= Starving March =

Russian Civil War

The Starving March (Голодный поход) was the retreat of the Orenburg Independent Army under command of generals Alexander Dutov and Andrei Bakic in the winter of 1919–1920 from the area around Kokchetav over Sergiopol, through Kazakhstan towards Semirechye on the Kazakh-Chinese border.

== History ==
The retreat began on November 22, after the Red Army captured the city of Omsk. As the bulk of the White Army headed East in the Great Siberian Ice March towards Lake Baikal, the Orenburg Army took a slightly more South-Eastern direction through Kazakhstan towards Sergiopol.

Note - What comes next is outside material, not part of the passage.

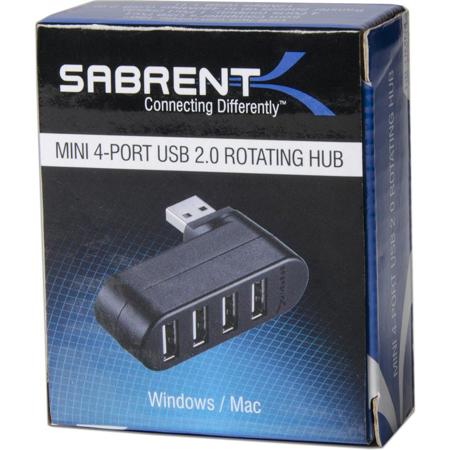 Add up to 4 peripherals quickly and easily with the Sabrent HB-UMN4 USB 2.0 Rotatable Hub. Especially great for notebooks which come with only a few ports in an era when you need to attach many USB devices at once, such as a printer, card reader, cell phone, iPod, thumb drive, mouse, keyboard or an external hard drive. Achieve full 480 Mbps on each port or daisy chain multiple hubs to a maximum of 127 devices. Fully backwards compatible with the USB 1.1 products

On December 1, Red Army troops captured Semipalatinsk, and on December 10, Barnaul, thus cutting of the Army of Dutov from the main force of the White Army under Vladimir Kappel. The only way possible now, was to march south to the Semirechye, which was under control of Ataman Annenkov. On December 13 Karkaralinsk was taken by the Red Army and Dutov's troops departed from Sergiopol towards Semirechye and the Chinese border. This segment of the road (about 600 km) was the hardest, and many of the retreating Cossacks and refugees died of starvation and disease.

The troops retreated in the sparsely populated, barren terrain, and had to spend the night in the open air. They had to eat horses and camels. The local population couldn't sustain thousands of extra people. The mortality from cold, famine and typhoid grew. The seriously ill were left to die in settlements, for the deceased there was no time to bury them in the frozen ground. Long day marches allowed the bulk of the army to stay ahead of the enemy, but stragglers were often attacked and killed by Kazakhs.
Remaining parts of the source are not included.